Changing several fractions with different denominators into fractions with the same mother equal to the original fraction is called the general fraction of fractions.
Note: General score guarantee (1) score is equal to the original score; (2) The denominators of the scores are equal.
2. Total score basis: the basic nature of the score.
3. The key to general division is to determine the simplest common denominator of several fractions.
Usually, the product of the highest power of all factors of each denominator is taken as the simplest common denominator.
According to the definition of general score and the simplest common denominator, scores are divided into:
The simplest common denominator is:, and then according to the basic properties of the fraction, multiply the numerator and denominator of the original fraction by an appropriate algebraic expression, so that all the denominators of the fraction are simplified to. The overall score is as follows:
Example 1 Comprehensive score:
( 1) , , ;
Analysis: Ask students to find the common denominator of fractions and ask, "How to solve the problem of different denominator coefficients?" Find the least common multiple according to the total score.
Solution: ∫ The simplest common denominator is 12x 2.
Summary: When the coefficients of all denominators are integers, the least common multiple of their coefficients is usually taken as the coefficient of the simplest common denominator.
Solution: ∫ The simplest common denominator is 10a2b2c2.
Students sum up the simplest common denominator.
The simplest common denominator in the general division of fractions can be summarized as: (1) take the least common multiple of denominator coefficient; (2) All factors based on letters should be taken; (3) The factor of the power of the same letter takes the largest exponent. Taking the product of these factors is the simplest common denominator.
Example 2 Comprehensive score:
Question: How to find the simplest common denominator for a general fraction whose denominator is polynomial?
The above is a monomial. For polynomials, we must first decompose the factors of polynomials, determine the factors contained in each denominator, and then determine the simplest common denominator.

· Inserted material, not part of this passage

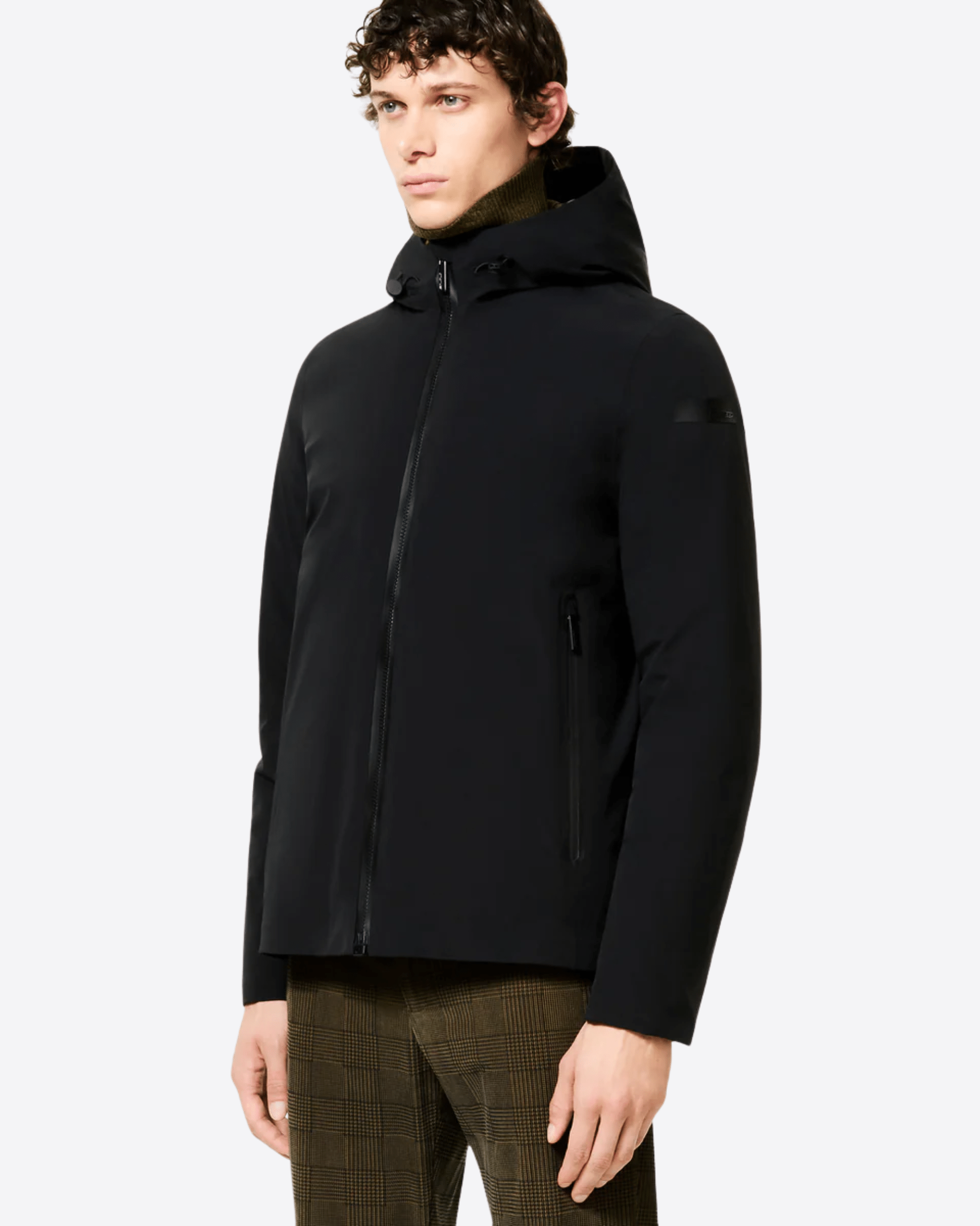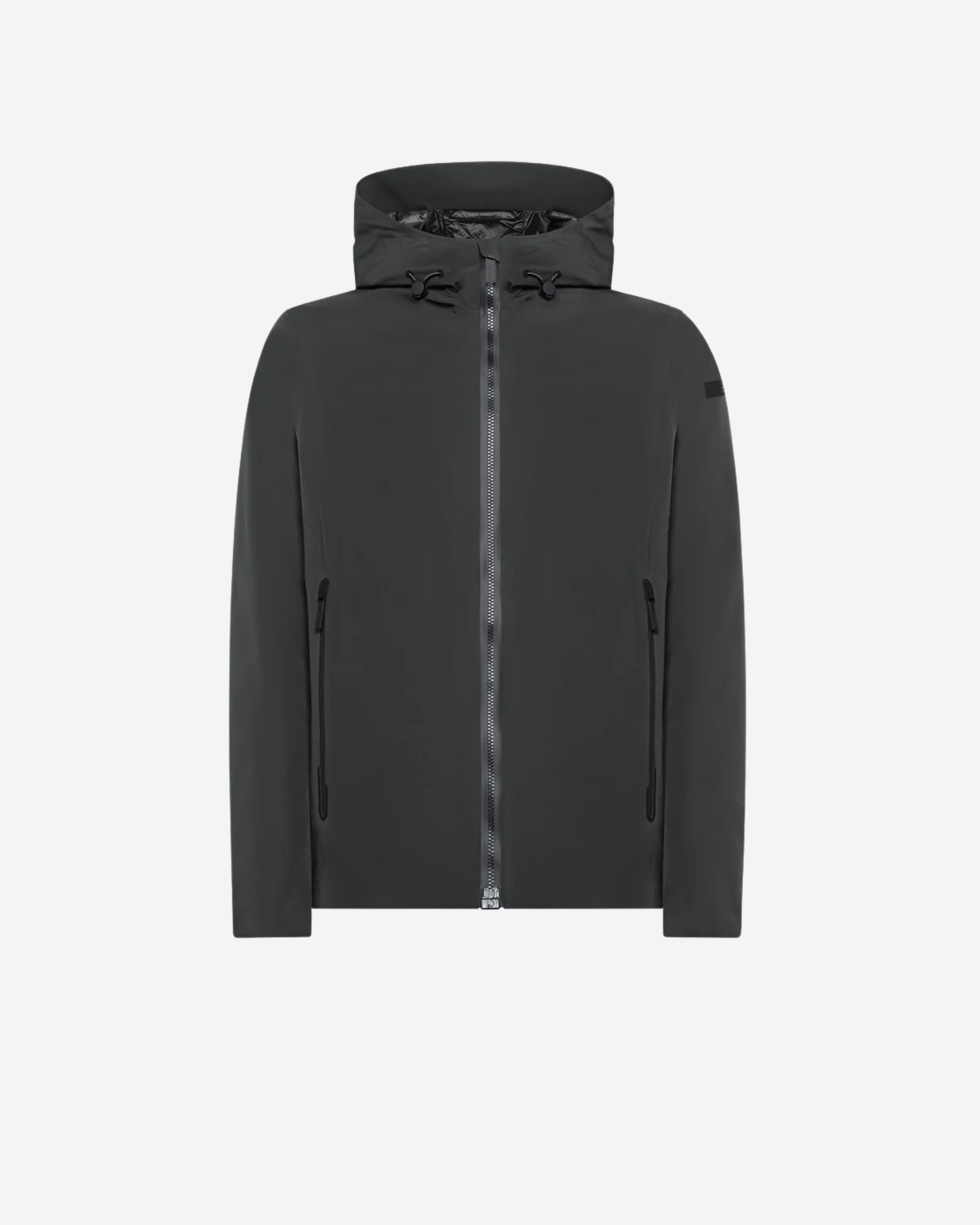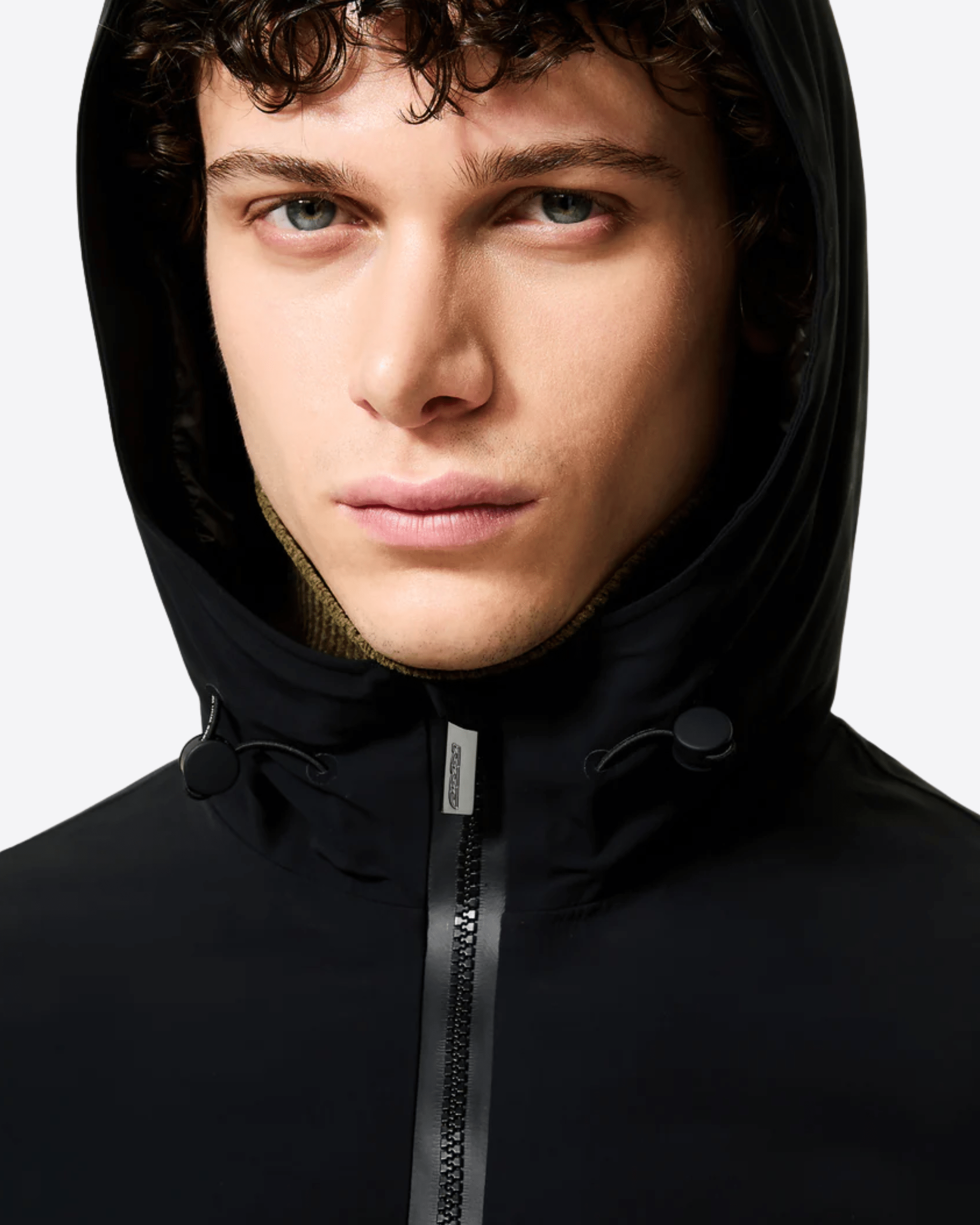 La tradizionale giacca cerata fisherman si evolve in una giacca invernale agile e contemporanea, grazie al design minimalista e alla ricerca dei materiali hi-tech. Caldo e leggero da indossare, il capospalla dal fit asciutto si distingue per l'essenzialità dello stile e la raffinatezza della costruzione interamente termonastrata, che la rende a prova di pioggia e di vento. ll tessuto a membrana Stratofabric#3, elasticizzato e traspirante, presenta il look super opaco dell'esterno in Montecristo, che enfatizza la pulizia delle linee. Il davanti è slanciato dalla zip a chiusura magnetica, che sale a chiudere il colletto verticale e il cappuccio avvolgente imbottito, dotato di frontino e regolabile a cordini elastici. Le ampie tasche laterali sono chiuse dalle zip termonastrate. Il calore è assicurato dalla soffice imbottitura in piuma d'anatra 90/10, contenuta nei canali tubici dell'esclusivo sistema Floating Shield, che assicura elevato comfort e una vestibilità perfetta. L'interno presenta un taschino con zip invisibile, impreziosito dal doppio filetto arancione fluo e dall'iconica tag a cuore "Made with love, designed in Tuscany". Il logo a microiniezione nero sulla manica sinistra completa il capospalla versatile e performante.

Solution: The simplest common denominator is 2x(x+ 1)(x- 1).
Summary: When the denominator is a polynomial, the factor must be decomposed first.
Solution:
Factorization denominator: x2-4 = (x+2) (x-2) .4-2x =-2 (x-2).
The simplest common denominator is 2 (x+2) (x-2).

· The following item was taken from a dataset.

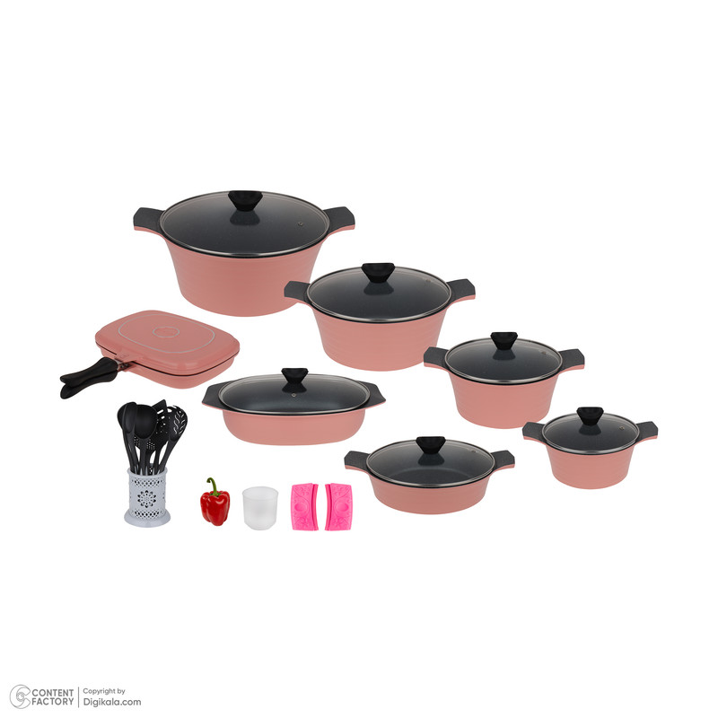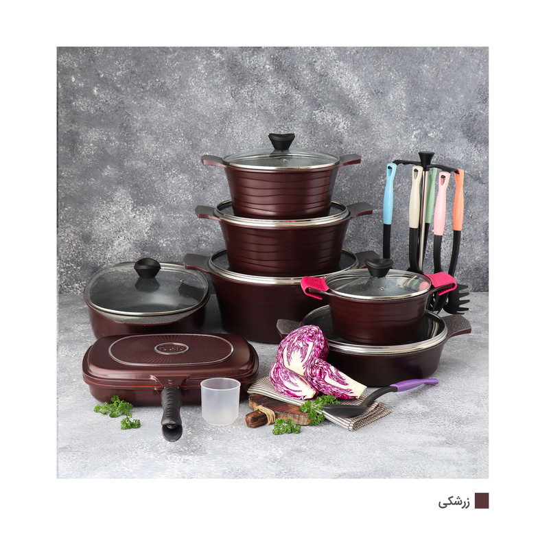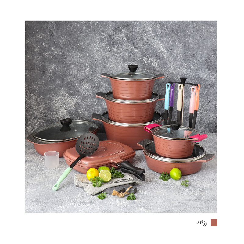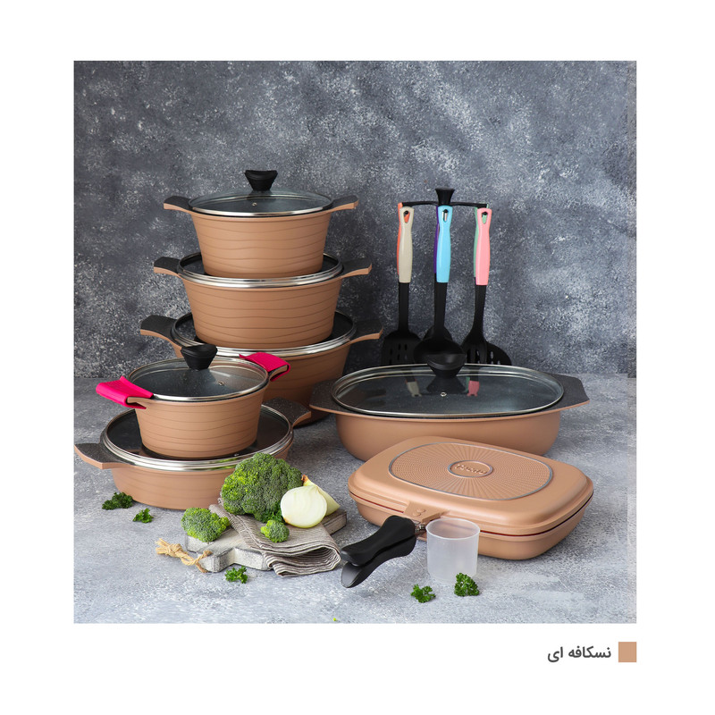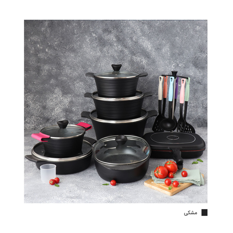سرویس پخت و پز 24 پارچه تکنو مدل ونوس شامل قابلمههای مختلف در اندازه و تابههای متنوع است. این سرویس از جنس دایکاست آلومینیوم (چدن ) و با پوشش گرانیت نچسب تولیدشده و دارای 4 قابلمه در سایز های 20 و 24 و 28 و 32 و یک تابه در سایز 28 و یک تابه رژیمی دو طرفه و همچنین یک رستر سایز 36 ( جهت پخت و طبخ مرغ و ماهی ) به همراه یک ست کفگیر ملاقه و دستگیره سیلیکونی و پیمانه می باشد. جنس بدنه قابلمهها و تابهها چون دراین روش در حالت فشارقالب گیری می شود ساختارمقاومی دارد و باعث میشود گرما به سرعت و بهطور یکنواخت منتقل شود و غذاها بهروش بهتری طبخ شوند. سرویس پخت و پز 24 پارچه تکنو مدل ونوس ، با ویژگی های بیان شده، یک انتخاب عالی برای داشتن یک تجربه آشپزی مطمئن و راحت است. این سرویس دارای جنس کفه دو جداره و در پیرکس با نوار استیل است که باعث تحمل دمای بالا و حفظ حرارت بهتر غذا میشود. همچنین، دارای سیستم با سوپاپ تخلیه بخار است که در فشار بخار غذا، احتیاج به هیچ گونه دخالت اضافی برای تخلیه بخار ندارد. روکش گرانیت قابلیت نچسب بودن روی کفه را دارد و باعث جلوگیری از چسبیدن مواد غذایی به کف ظرف خواهد شد. قپه این سرویس از جنس باکالیت ساخته شده است که باعث ایمنی در دستان شما میشود. این سرویس قابل استفاده در اجاق گاز بوده و همچنین قابل شستوشو با دست را داراست.

Ask students to sum up the general scores and general points:
The key to general division is to determine the simplest common denominator of several fractions, and the steps are as follows:
1. Factorize the denominator of each fraction;
2. Take the least common multiple of denominator coefficient;
3. All the letters or factors based on letters should be taken;
4. The factor with the same letter or the power of the factor with the letter takes the largest exponent;
5. Multiply all the above formulas to get the simplest common denominator;
6. Multiply the numerator and denominator of the atomic formula by an appropriate algebraic expression to simplify the denominator of each sub-formula to the simplest common denominator.
Exercise: 1, 2,3 Page 79
(3) class summary
1. Although general fractions and reduction are aimed at fractions, they are two opposite variants. Reduction is for one score, while general scores are for multiple scores. The approximate fraction is a simplified fraction, and the general fraction is a simplified fraction, thus unifying the denominator of the fraction.
2. Both general score and approximate score are deformed according to the basic properties of the score, and their similarity is to keep the value of the score unchanged.
3. The general denominator is written in the form of unexpanded continuous product, and the numerator multiplication is written in polynomial to prepare for further operation.